Task prompt: Quote the material exactly from the line that contains "POWERTECH ασύρματος USB" through its last line. Any pictures are to be left out.
** Opening Source data block **
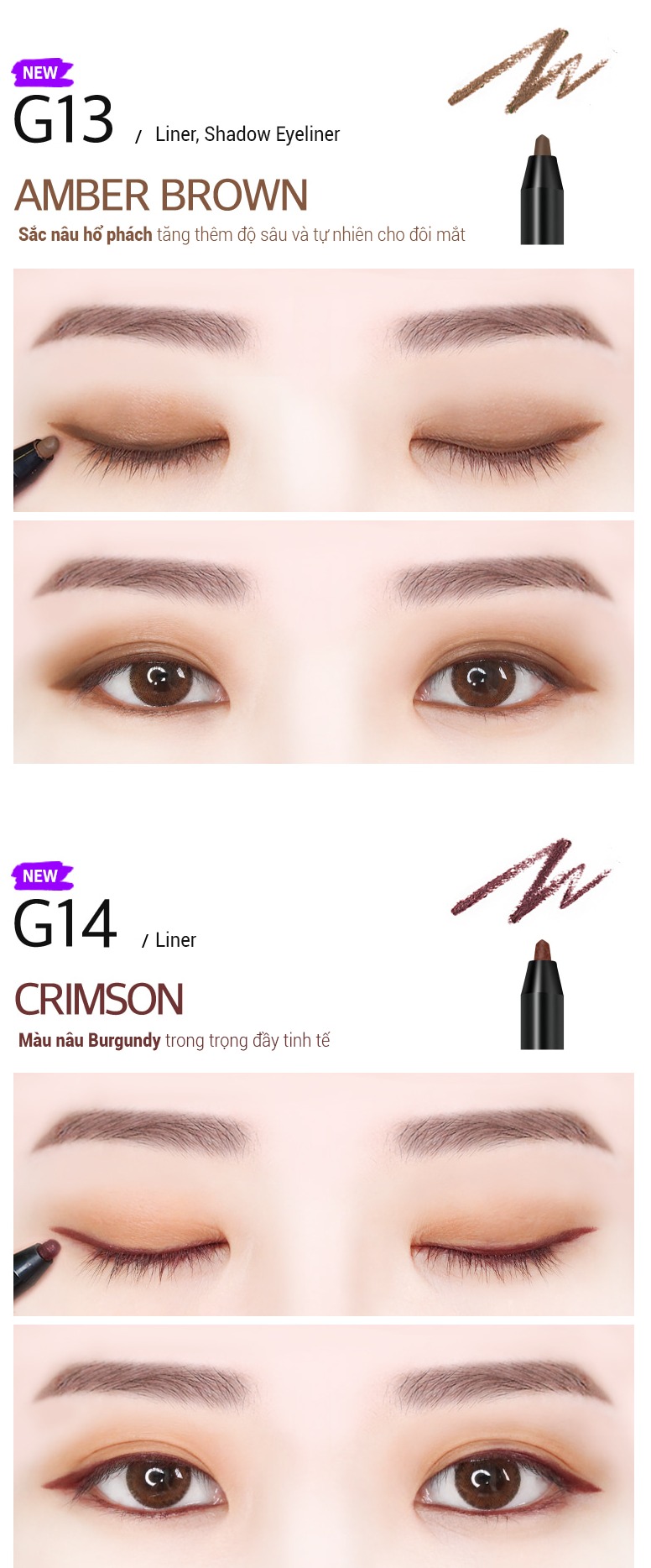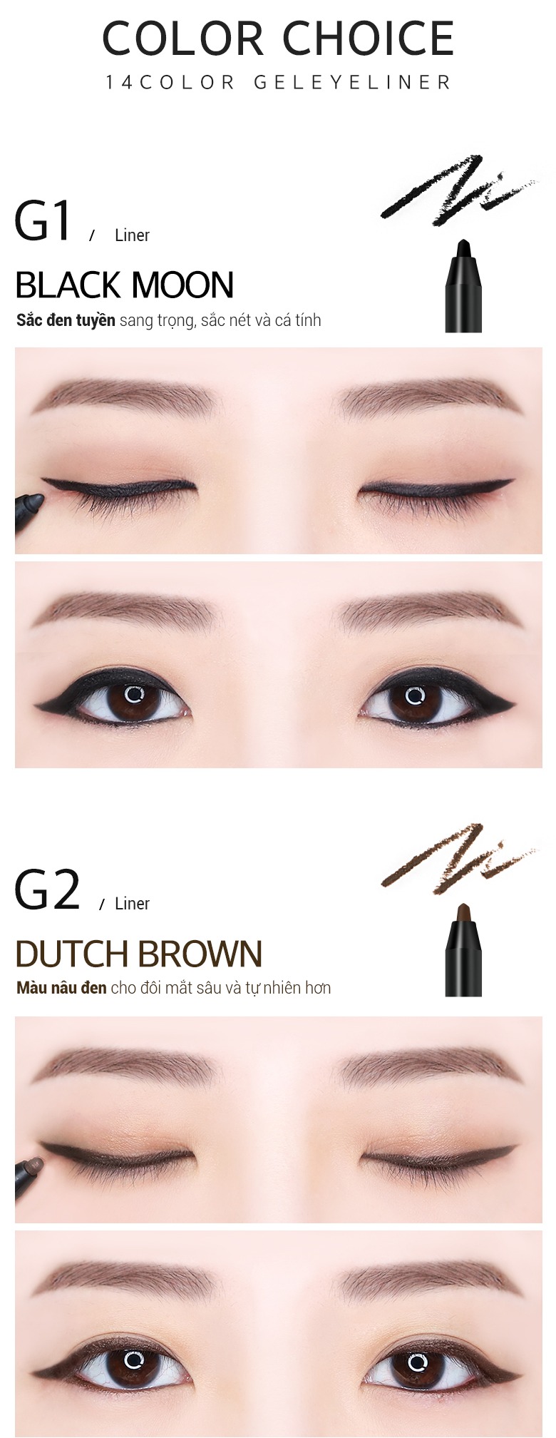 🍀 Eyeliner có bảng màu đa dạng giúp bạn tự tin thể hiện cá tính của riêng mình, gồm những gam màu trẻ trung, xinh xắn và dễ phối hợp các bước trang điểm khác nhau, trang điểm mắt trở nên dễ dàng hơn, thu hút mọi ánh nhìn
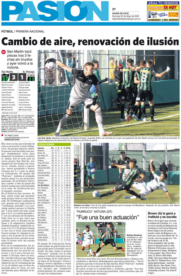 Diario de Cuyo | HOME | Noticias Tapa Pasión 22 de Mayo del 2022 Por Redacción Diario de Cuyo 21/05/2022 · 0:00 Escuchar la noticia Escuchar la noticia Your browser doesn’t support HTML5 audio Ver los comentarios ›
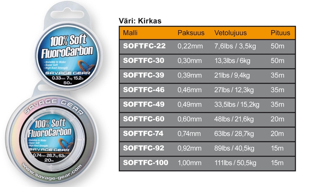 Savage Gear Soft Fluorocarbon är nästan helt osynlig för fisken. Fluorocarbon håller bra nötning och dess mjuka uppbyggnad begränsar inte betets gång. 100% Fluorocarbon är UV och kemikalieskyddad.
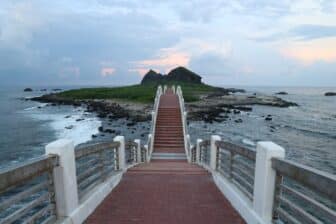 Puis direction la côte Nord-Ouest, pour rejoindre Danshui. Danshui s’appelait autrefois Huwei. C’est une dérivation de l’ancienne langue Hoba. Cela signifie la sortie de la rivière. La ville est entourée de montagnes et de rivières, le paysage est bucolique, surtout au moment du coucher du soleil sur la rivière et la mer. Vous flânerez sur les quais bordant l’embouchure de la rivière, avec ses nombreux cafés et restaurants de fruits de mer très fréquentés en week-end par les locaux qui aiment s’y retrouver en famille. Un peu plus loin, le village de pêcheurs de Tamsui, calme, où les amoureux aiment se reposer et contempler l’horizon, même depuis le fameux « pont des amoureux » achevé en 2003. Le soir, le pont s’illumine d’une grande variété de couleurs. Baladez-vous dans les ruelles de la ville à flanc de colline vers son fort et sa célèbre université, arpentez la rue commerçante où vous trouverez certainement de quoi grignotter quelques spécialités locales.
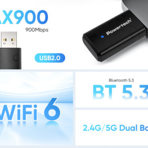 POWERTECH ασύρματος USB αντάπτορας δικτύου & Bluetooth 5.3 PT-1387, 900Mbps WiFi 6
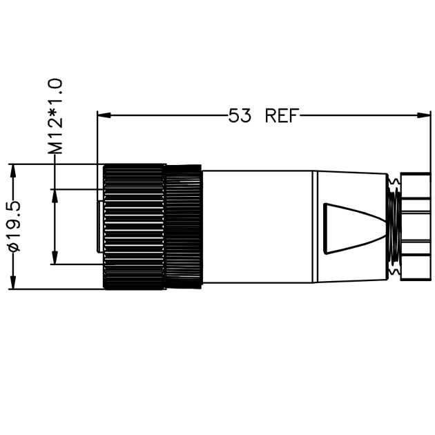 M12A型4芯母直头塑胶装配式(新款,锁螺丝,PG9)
** Closing Source data block **
Task solution:
 POWERTECH ασύρματος USB αντάπτορας δικτύου & Bluetooth 5.3 PT-1387, 900Mbps WiFi 6
 M12A型4芯母直头塑胶装配式(新款,锁螺丝,PG9)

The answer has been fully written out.